● Required action: When writing out the entries below, keep only the lines from the line with "Rep. Hilda Solis" to the line with "Easy access UVB –UVA fluorescent lighting", both included, exactly as they are, and leave the pictures aside.

START Provided records

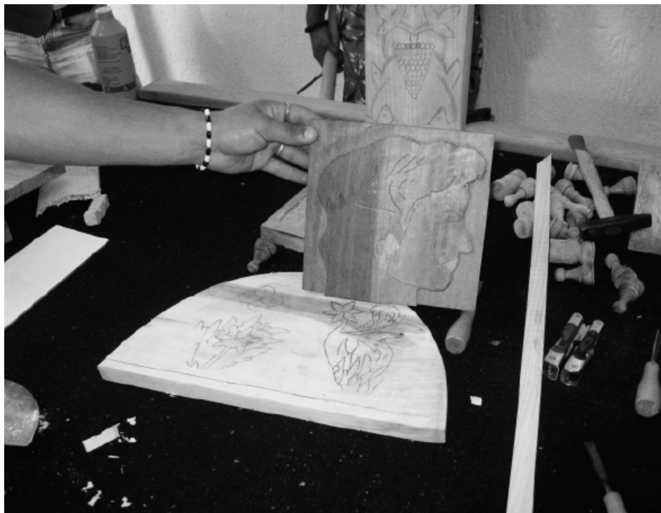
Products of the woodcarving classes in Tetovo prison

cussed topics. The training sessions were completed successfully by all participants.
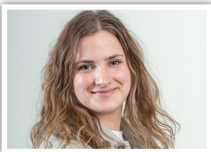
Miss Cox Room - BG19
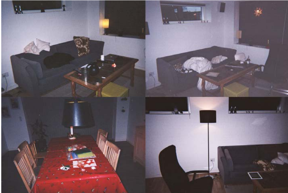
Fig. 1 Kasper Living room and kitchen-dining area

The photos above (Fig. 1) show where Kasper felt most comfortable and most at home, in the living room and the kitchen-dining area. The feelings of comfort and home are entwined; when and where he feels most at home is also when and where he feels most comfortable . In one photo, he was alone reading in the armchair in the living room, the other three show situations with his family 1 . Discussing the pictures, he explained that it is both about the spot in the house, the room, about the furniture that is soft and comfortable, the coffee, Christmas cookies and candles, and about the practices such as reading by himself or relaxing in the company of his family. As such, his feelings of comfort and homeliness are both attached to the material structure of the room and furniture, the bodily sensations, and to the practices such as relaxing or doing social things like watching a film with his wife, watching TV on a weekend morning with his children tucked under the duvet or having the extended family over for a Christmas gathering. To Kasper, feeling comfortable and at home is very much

END Provided records
START Provided records

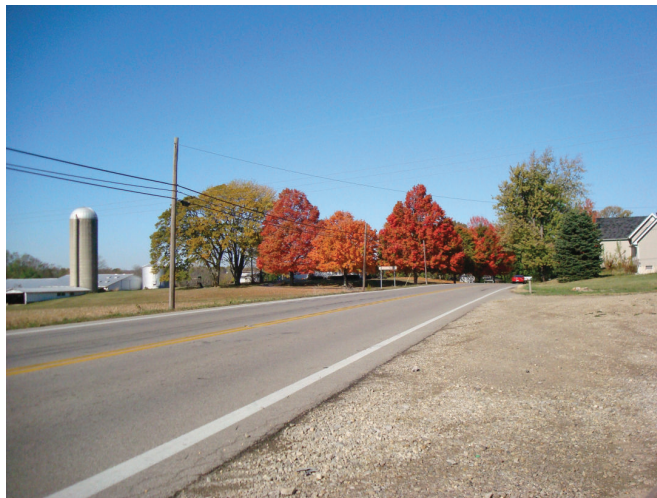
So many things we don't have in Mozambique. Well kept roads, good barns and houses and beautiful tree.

END Provided records
START Provided records

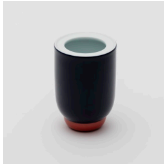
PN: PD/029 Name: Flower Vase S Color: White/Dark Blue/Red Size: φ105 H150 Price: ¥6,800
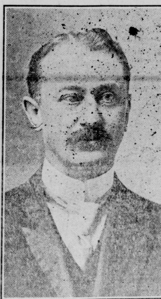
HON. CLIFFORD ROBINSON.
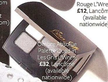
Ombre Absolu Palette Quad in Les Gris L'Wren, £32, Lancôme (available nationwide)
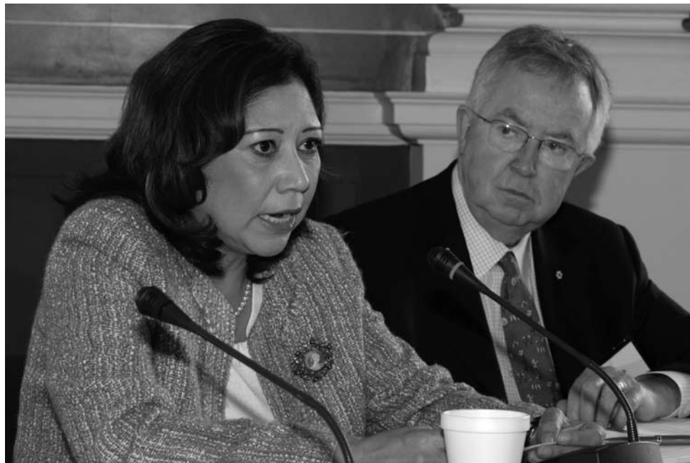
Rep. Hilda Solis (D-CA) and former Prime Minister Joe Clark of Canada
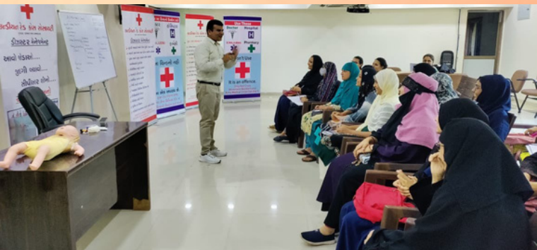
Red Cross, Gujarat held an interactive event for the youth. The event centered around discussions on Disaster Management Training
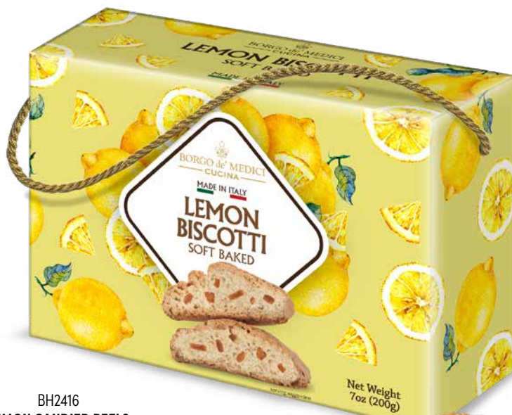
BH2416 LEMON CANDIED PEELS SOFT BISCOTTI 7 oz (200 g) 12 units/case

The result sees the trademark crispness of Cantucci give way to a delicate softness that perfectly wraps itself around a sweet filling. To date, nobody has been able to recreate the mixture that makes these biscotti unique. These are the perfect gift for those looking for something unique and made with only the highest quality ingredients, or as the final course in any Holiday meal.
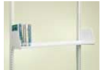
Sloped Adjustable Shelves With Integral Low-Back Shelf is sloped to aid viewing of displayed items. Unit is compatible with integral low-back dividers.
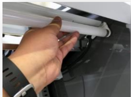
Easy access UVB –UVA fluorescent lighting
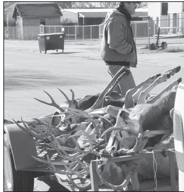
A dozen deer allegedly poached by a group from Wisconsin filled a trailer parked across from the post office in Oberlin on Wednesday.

END Provided records

● Answer section:
Rep. Hilda Solis (D-CA) and former Prime Minister Joe Clark of Canada
Red Cross, Gujarat held an interactive event for the youth. The event centered around discussions on Disaster Management Training
BH2416 LEMON CANDIED PEELS SOFT BISCOTTI 7 oz (200 g) 12 units/case

The result sees the trademark crispness of Cantucci give way to a delicate softness that perfectly wraps itself around a sweet filling. To date, nobody has been able to recreate the mixture that makes these biscotti unique. These are the perfect gift for those looking for something unique and made with only the highest quality ingredients, or as the final course in any Holiday meal.
Sloped Adjustable Shelves With Integral Low-Back Shelf is sloped to aid viewing of displayed items. Unit is compatible with integral low-back dividers.
Easy access UVB –UVA fluorescent lighting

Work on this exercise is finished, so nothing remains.